Because of the weak coupling between the getter ring and the coil, and the need to reach high temperatures, the dΦ/dt needs to be high, meaning high current intensities at high frequencies (even the 1.5MHz I used is marginally low).
In addition, they accumulate all the features I wanted to avoid: direct feedback from drain cross-coupling, supply through separated, uncompensated chokes having to bear both high DC and high AC, etc.
But trying them costs near to nothing, so why not
diy-induction-heater.htm
The majority of the projects presented in this section of the forum is probably far more dangerous....
 
The validity of this approach is questionable.

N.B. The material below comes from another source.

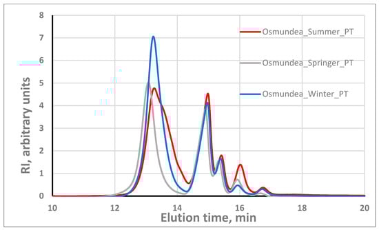 Comparing the same species in two environments, the molecular weight distribution (Figure S3) of Osmundea sp. harvested from the Galician and north of Portugal coasts, both in spring, suggests that the classes of polysaccharides are the same and only the relative proportion can slightly change. For the Codium sp., the classes of PSs are also the same, but the relative proportions are more diverse (Figure S4).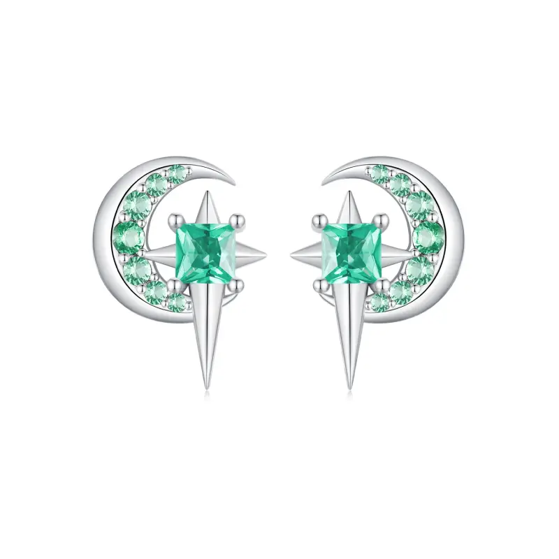 Apresentamos nossos refinados Brincos Estilo PANDORA Estrela e Lua! Estes deslumbrantes brincos apresentam um design celestial inspirado nas estrelas e na lua. Os brincos são adornados com pedras de vidro verde-claro que cintilam e brilham, lembrando um céu estrelado deslumbrante. Fabricados com atenção aos detalhes, estes brincos são elegantes e chamativos, perfeitos para adicionar um toque de beleza celestial a qualquer visual. Eleve seu visual com estes brincos estrela e lua e deixe seu estilo brilhar como o céu noturno.

Gettering material is not metallic barium, but rather barium nitride. Getter is fired while a tube is still on vacuum pump. Barium nitride decomposes into metallic barium and nitrogen. Barium is deposited on the glass, and nitrogen is removed by the pump, after which the tube is sealed. Re-activating the getter may restore the flash, but it will also release nitrogen, making the tube gassier than it used to be.

Old style magnesium/aluminum getters may be more amenable for restoration because initial gettering material is pure metal.